Splicing factor BUD31 promotes ovarian cancer progression through sustaining the expression of anti-apoptotic BCL2L12

Custom code and analysis pipelines used in the paper are shown in markdown files.

• AS_pipeline.md This file includes intructions for using rMATS, MISO, and Spliceseq to analyze individual alternative splicing (AS) events. Besides, SpliceR is a classcical software for NMD (nonsense-mediated mRNA decay) annotation and genomic elements length calculation.
• RNA-seq_pipeline.md The adaptor sequence and low-quality reads were removed with TrimGalore (version 0.6.1). Clean reads were aligned to the hg38 genome with HISAT2 (version 2.2.0) and sorted with samtools (version 1.9). Gene expression quantification was performed by counting reads over genes from the same annotation as alignment using featureCounts (version 2.0.0).Mapped reads were visualized with the Integrative Genomics Viewer (IGV). Transcripts were reconstructed with StringTie (version 1.3.0). Differential expression was analyzed with edgeR (version 3.36.0.) or DESeq2 (version 1.32.0).
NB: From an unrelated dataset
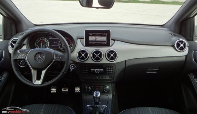 Unos materiales de alta calidad y superficies depuradas y elegantes hacen que la nueva Clase B sea un punto de referencia en el segmento de los familiares compactos. El salpicadero de materiales acolchados es una verdadera maravilla. Lejos de juzgar el diseño (que puede gustar más o menos), los acabados generales del interior son muy buenos. El salpicadero cuenta con una superficie mate resistente a la suciedad que da una agradable sensación de calidad. En la parte central del salpicadero, encontramos un acabado deportivo en símil aluminio que traslada la deportividad exterior al interior. Las tres grandes aberturas redondas en el centro y laterales y sus boquillas en forma de “X” añaden un atributo deportivo y de estilo al interior. En la parte media del salpicadero encontramos el equipo de música, con manos libres y entradas AUX y USB. Más abajo encontraremos el aire acondicionado manual. (Justo encima encontraremos el botón ECO) La pantalla está disponible en dos tamaños, con una diagonal o 147 o 178 milímetros. Esta, parece flotar sobre las rejillas de ventilación. Con su diseño elegante y las líneas delgadas, la pantalla a color (TFT) es un escaparate muy atractivo en la cabina de la nueva Clase B. Los menús de la pantalla funcionan por medio de pulsadores giratorios ubicados en la consola central. La navegación del sistema se puede hacer desde una botonera ubicada tras la palanca de cambios.

• SpyCLIP_pipeline.md Crosslinking sites were identified using the previously described iCLIP analysis pipeline. The adaptor sequence and low-quality reads were removed with TrimGalore (version 0.6.1), and the quality of the clean reads was checked with FastQC (version 0.11.9). rRNA sequences were removed with bowtie (version 1.2.3). The remaining reads were mapped to the human genome (hg38) using the STAR software (version 2.7.1a). PCR duplicates of uniquely mapped reads were removed using Picard (version 2.25.5) with MarkDuplicates. The remaining reads were considered usable reads for identifying crosslinking sites. Mapped reads were visualized in IGV. Two technical replicates of the SpyCLIP samples were merged for PURECLIP (version 1.2.0) analysis with -ld -nt 16 -dm 80. Individual crosslink sites (< 80 nt) were merged as raw binding regions. Binding regions that acquired more than three crosslink sites were used for further analysis as previously suggested, and these regions were annotated using HOMER (version 4.11) into exon, intron, promoter, intergenic, 5’UTR, 3 ’UTR, etc. The 80-nt regions around the center of each binding region were extracted and used to identify the de novo BUD31 binding motif using HOMER’s findMotifs program (-len 6,8,10,12 -S 10 -rna -p 4). Motifs were matched to the genome position with scanMotifGenomeWide.pl function belonging to HOMER and visualized with Deeptools (version 3.1.3).